Allah tarafından vahiy ile birlikte hikmet'in verilmesi demek o hikmet'e (doğru hüküm) ulaşmanın verilmiş olması anlamına gelmektedir.
 Allah tarafından vahiy ile birlikte hikmetin  indirilmiş olması âlimlerin insanları kendilerine taptırmaları gibi tehlikeli bir inancın çıkmasını  imkansız hale getirmiştir.
"Elif. Lam. RA. ( Bu sana indirilen) hikmet sahibi ve her şeyden haberdar olan Allah tarafından ayetleri (hikmetle) sağlamlaştırılmış, sonra da detaylandırılmış bir kitaptır. Allah'tan başkasına kulluk etmemeniz için..."
(Hud-1,2)
 Oysa metodu bulunmayan, yani hikmetsiz, kişisel yorumlarla Şia ve Ehli Sünnet âlimleri tarafından Kur'an'a her şeyi hatta batıl inançları bile söyletebileceklerini 1350 yıldan beri   görmekteyiz.
"Resul" kavramına uydurma hadisleri yüklemek bunun en kahredici örneğidir.
 Demek ki doğru sonuca ulaşmanın bir metodu olması hayati bir meseledir.
Yukarıda geçen Âli İmran 79. âyetine göre din ve hüküm olarak sadece vahyi kaynak  kabul eden muvahhidler kitab-ı doğru bir metotla okuduklarından dolayı kendilerine hikmet verilen Nebi'lerle aynı sonuca ulaşacak  ve Allah'ın tarafında olacaklardır.
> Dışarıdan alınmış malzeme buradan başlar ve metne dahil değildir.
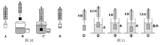 13.如图10所示,A、B、C、D四幅图是“探究浮力的大小与排开水所受重力的关系”的过程情景。请根据图示完成下面的填空。

 Bu da aynı metotla vahyi okuduklarından kaynaklanmaktadır.
Zaten vahyin saf, hanif, orijinal, temiz, güzel ahlak ve karakteri gereği kendisinden başka hiçbir kaynak kabul etmeyenlere hikmetini İhsan edecektir.
Dolayısıyla vahyin yanında başka bir kaynak kabul edenler veya vahyi kendi heva ve heveslerine göre yorumlayanlar hiçbir zaman hikmeti elde edemezler.
 Allah  onlara vahyi anlayacak bir metod ihsan  etmesi olacak bir şey değildir.
 Fakat muvahhidler sadece vahyi  kaynak olarak kabul ettiklerinden Kur'an'ı gönüllerine  sindirmekte,  metodunu özümsemekte  ve diğer insanlara da bu ahlakı ve ilmi öğretmektedirler. Yani sadece muvahhidler  hikmet'e ulaşmanın metodunu bilmektedirler.